---------- DATA TO USE ----------
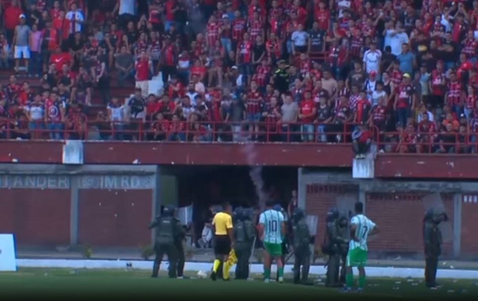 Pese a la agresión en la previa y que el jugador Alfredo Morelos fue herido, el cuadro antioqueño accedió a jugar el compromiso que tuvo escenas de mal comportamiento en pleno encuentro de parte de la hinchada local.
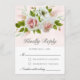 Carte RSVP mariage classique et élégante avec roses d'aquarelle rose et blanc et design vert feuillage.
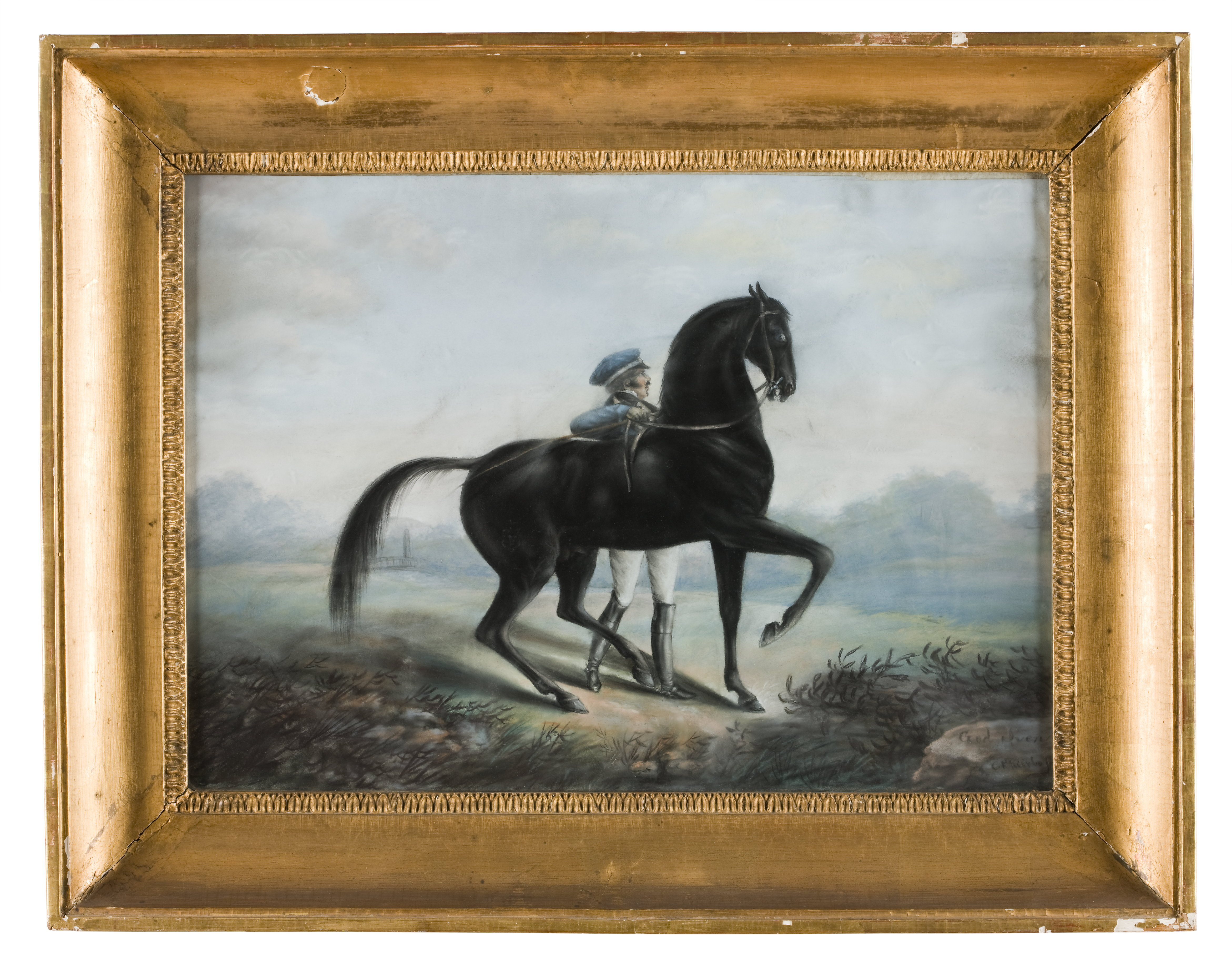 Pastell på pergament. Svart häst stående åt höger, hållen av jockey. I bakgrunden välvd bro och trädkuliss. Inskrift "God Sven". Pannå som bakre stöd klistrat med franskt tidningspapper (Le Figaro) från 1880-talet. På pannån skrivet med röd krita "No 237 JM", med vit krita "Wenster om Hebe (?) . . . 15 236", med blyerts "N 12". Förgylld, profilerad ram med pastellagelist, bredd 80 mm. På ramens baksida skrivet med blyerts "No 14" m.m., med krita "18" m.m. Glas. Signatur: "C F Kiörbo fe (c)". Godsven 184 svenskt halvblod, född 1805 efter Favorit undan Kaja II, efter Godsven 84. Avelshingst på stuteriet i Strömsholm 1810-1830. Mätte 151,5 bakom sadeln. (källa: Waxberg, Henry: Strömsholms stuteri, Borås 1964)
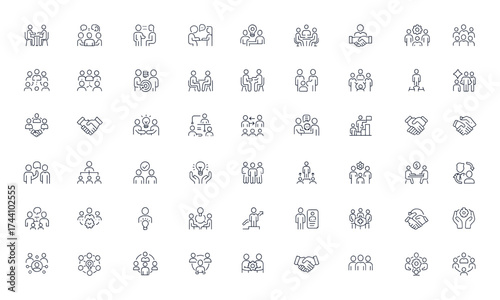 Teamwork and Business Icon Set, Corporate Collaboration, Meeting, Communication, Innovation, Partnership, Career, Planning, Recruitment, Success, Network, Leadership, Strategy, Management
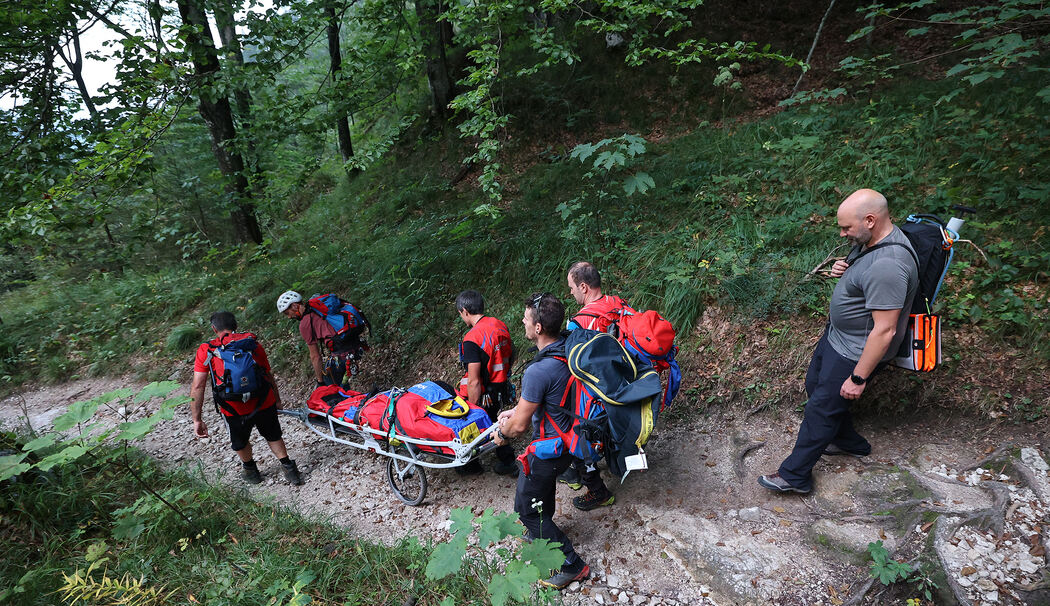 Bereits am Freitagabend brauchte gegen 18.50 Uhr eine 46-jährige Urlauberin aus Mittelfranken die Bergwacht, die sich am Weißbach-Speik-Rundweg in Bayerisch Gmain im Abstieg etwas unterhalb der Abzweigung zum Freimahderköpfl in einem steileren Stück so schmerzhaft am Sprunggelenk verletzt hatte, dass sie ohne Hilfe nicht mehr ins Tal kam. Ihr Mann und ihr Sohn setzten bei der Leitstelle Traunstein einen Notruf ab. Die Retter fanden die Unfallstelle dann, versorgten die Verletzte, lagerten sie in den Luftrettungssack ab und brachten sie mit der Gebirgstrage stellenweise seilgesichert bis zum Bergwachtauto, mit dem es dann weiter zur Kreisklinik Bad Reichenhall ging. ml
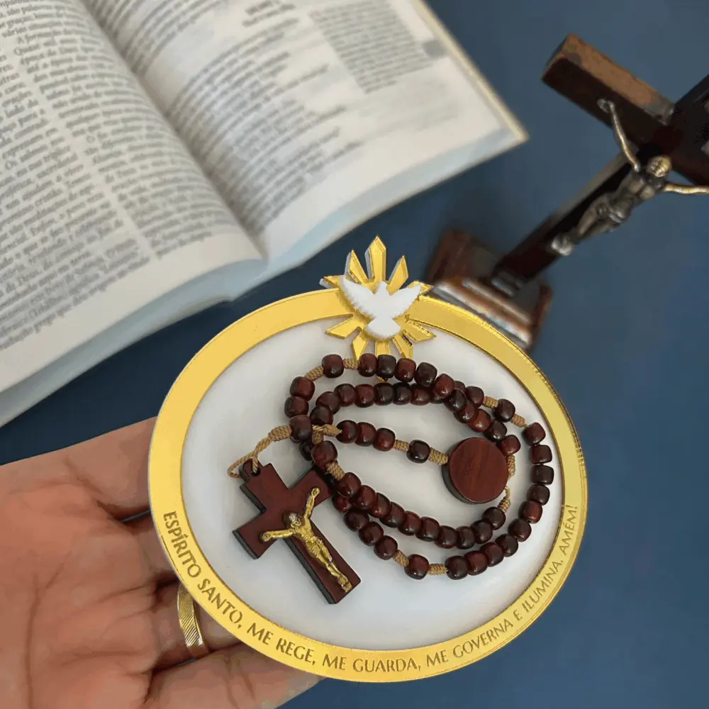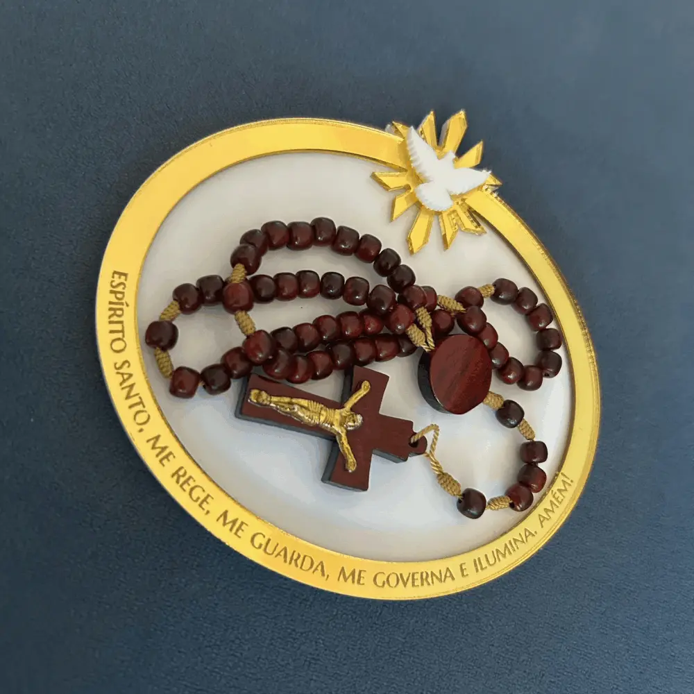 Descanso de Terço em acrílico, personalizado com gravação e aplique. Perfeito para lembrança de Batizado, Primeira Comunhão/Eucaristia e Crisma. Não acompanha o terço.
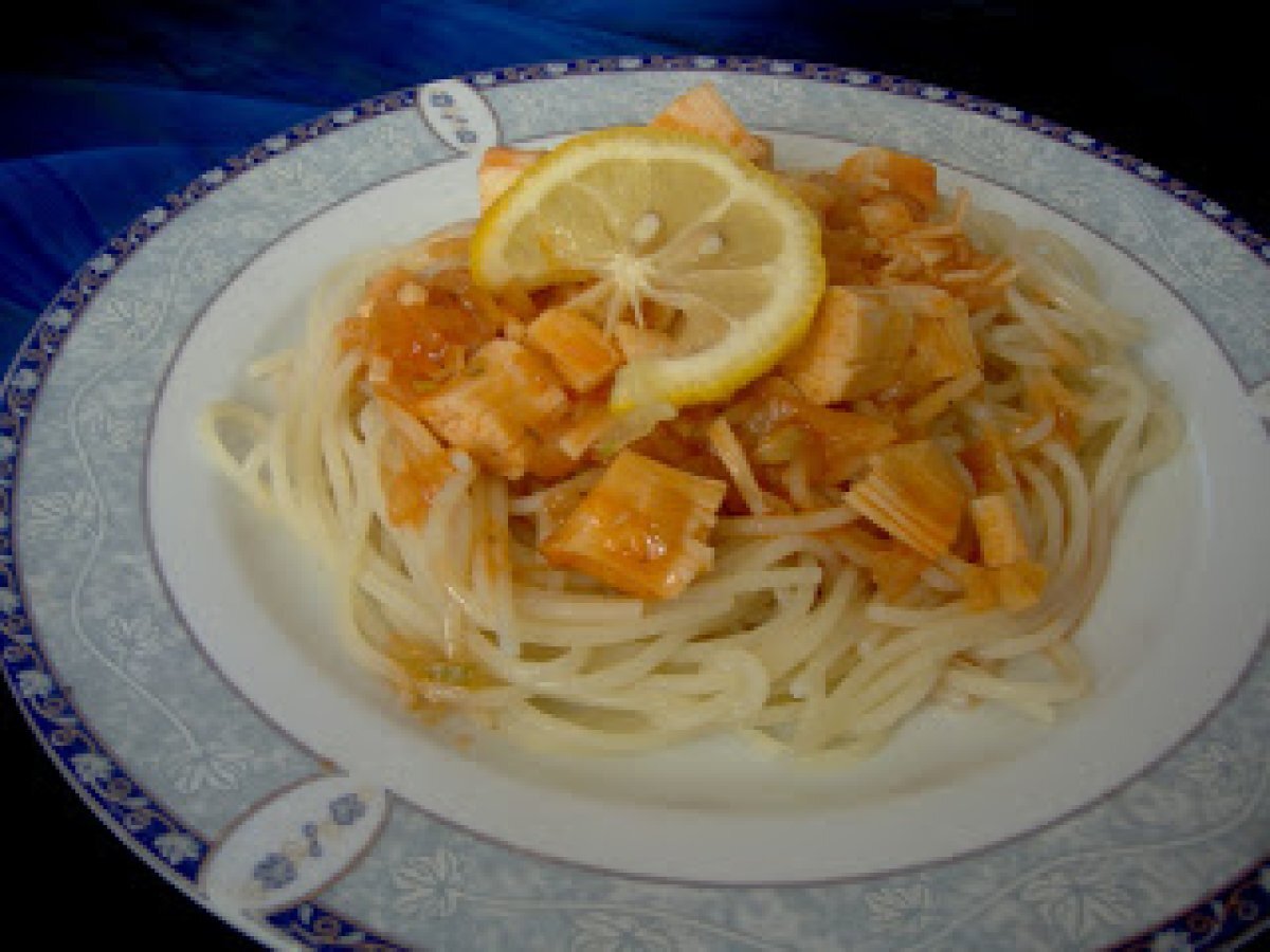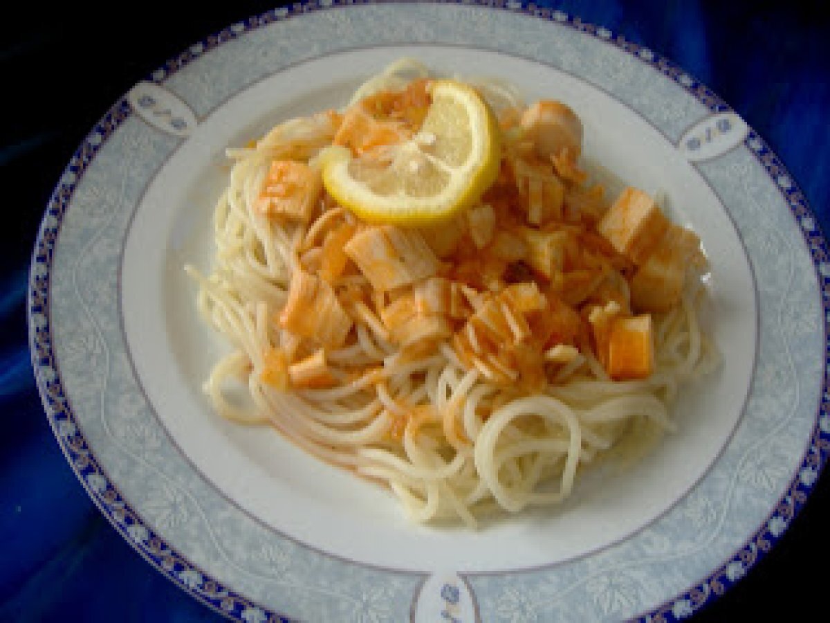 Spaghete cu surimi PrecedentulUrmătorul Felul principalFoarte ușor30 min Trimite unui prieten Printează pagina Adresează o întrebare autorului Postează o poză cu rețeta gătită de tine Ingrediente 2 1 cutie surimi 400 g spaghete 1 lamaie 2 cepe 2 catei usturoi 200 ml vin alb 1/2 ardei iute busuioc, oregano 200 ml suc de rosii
----------
◆ WHAT YOU WILL DO:
Each line from the start of the listing above through the line with "Carte RSVP mariage" is what to output, exactly as written and without pictures.

◆ WORKED SOLUTION:
 Pese a la agresión en la previa y que el jugador Alfredo Morelos fue herido, el cuadro antioqueño accedió a jugar el compromiso que tuvo escenas de mal comportamiento en pleno encuentro de parte de la hinchada local.
 Carte RSVP mariage classique et élégante avec roses d'aquarelle rose et blanc et design vert feuillage.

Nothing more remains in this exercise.